Twenty microliters of stained cells were aliquoted into each well of a 96 well plate for the first-round ligation, which contained the round 1 well barcode oligos and round 1 splint primer. The mixture was gently mixed by pipetting up and down several times. Ligation mix containing 1 μl T4 DNA ligase (400,000 units/ml), 5 μl 10 × T4 ligase buffer, and 14 μl water was added to each well. The ligation reaction was performed in a thermocycler at 37 °C for 30 min. The round one splint primer was then blocked to prevent promiscuous ligation upon pooling the wells by the addition of 2.64 μl of 100 μM blocking primer, 2.5 ul of 10 × ligation buffer, and 4.86 μl water to each well. The plate was then incubated in a thermocycler for 30 min at 37 °C to enable the blocking primer to anneal to the splint. Cells were then pooled and mixed by gentle inversion before 100 μl of T4 DNA ligase (400,000 units/ml) was added to the cell mixture and cells were redistributed into 96 round two ligation reaction plates and incubated at 37 °C for 30 min. Round 2 reactions were blocked with termination solution (3.3 μM blocking primer, 0.36 M EDTA; final concentrations).

Cells were pooled after round 2 blocking and counted on a hemocytometer via light microscopy. Cells were diluted to an appropriate final concentration before final round barcoding by PCR. The dilution factor is calculated such that 1 μl of input volume contains enough cells per well such that the total number of cells profiled across all wells does not exceed 2% of the total barcode capacity (to avoid barcode collision doublets). A single round of PCR was performed at 14 cycles. DNA fragments were cleaned up for sequencing through two rounds of bead-based cleanup (at a 0.9 ratio of beads to DNA) according to the manufacturer's protocol (AMPure XP).

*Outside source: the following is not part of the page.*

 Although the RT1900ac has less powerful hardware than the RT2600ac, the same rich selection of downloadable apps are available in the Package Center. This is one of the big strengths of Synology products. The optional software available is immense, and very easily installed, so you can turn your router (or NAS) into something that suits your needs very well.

Sequencing, demultiplexing, and bioinformatics

Paired end sequencing was set up to sequence 100 bases from the 5’ end and 50 bases from the 3′ end. Samples were sequenced on NextSeq 500/550 and sequences were demultiplexed in Illumina BaseSpace according to the default quality control settings before subsequent processing.

UMI-tools was used to extract well barcodes from the 5’ read and antibody barcodes along with UMIs from the 3′ read. Count matrices are generated using custom python scripts (Suppl. Table 5). Counts are transformed via center-log-ratio transformation where the CLR scores for cell x are defined as

$${\text{CLR}}(x) = \left[ {\frac{{x_{1} }}{g(x)}, \ldots ,\frac{{x_{n} }}{g(x)}} \right]$$

where g is the geometric mean of the protein counts for the cell. Dimension reduction is performed via TSNE on the CLR scores using a PCA initialization.